10 July 2014
'Gaming Is Booming in Australia and Asia'

Is Australia ready for the Asian Century?

Not really, is the clear message from a series of articles published by the Australian blog, "The Conversation", last year.

Is Australia ready for the ‘Asian century?’. Anthony Milner.

The Asian century will mean more than a mere rebalancing of power between the United States and China, according to Tony Milner of the Australian National University. The China-Japan contest could turn out to be more important in shaping Asia’s strategic future, and there is the China-India relationship as well.

The stronger Indonesia, which we are already beginning to see, will also want greater influence in the wider Asian region, and not merely Association of Southeast Asian Nations (ASEAN). Australian diplomacy will need to build coalitions with one group or another of Asian states and will also need to be prudent in handling our neighbours like Malaysia when we need regional cooperation to handle refugee flows. Business culture will require a greater willingness to take account of Asian viewpoints.

If we want more investment opportunities in Asia, not just trade, there will be a need for sociological as well as economic knowledge. But what we have now is an Australian community in which almost no one learns an Asian language, and the study of Asian societies and histories is virtually ignored in our schools.

How to keep the peace and ensure regional security. Nick Bisley.

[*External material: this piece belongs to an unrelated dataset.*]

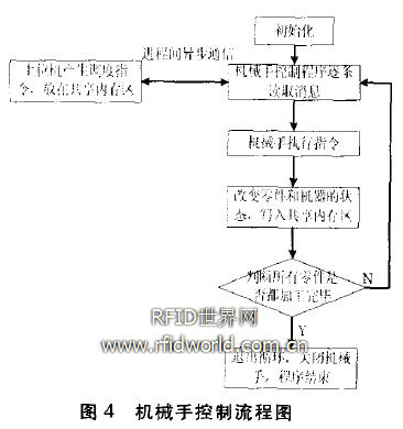 機械手運動主要有三種:有新的零件產生,這時機械手控制程序從緩沖區找出一個空位,控制機械手把零件從初始緩沖區抓到這個空的緩沖區位置上;有零件要在機器上加工,這時機械手從緩沖區有零件的位置上抓取一個零件去機器旁的讀寫器上掃描,若是要加工的零件,把它放到機器上,若不是,重新放回緩沖區的原來位置上,再從下一個位置抓取,直到找到要加工的零件;有零件在機器上加工完畢,若是這個零件的所有工序都加工完畢,把這個零件抓出系統,若不是,從緩沖區找一個空位,把零件從機器上放到讀寫器上掃描,確認加工完畢,然后放到那個空位上。最后機械手做完以上的三種中的任意一種動作時,零件和機器的狀態都會發生改變,監控程序把更新后的狀態數據寫入共享內存區。圖4是整個控制程序的流程。

Asia is riddled with security threats -- narcotics smuggling in West Asia, great power rivalry between China and the United States, disputes over Taiwan, North Korea, unresolved border between China and India, India-Pakistan conflict over Kashmir, battles over resources and strategic advantages in islands in Northeast Asia and the South China Sea, rapidly increasing military spending, rivalries from prosperity and ambition, and the US military 'pivot' to Asia.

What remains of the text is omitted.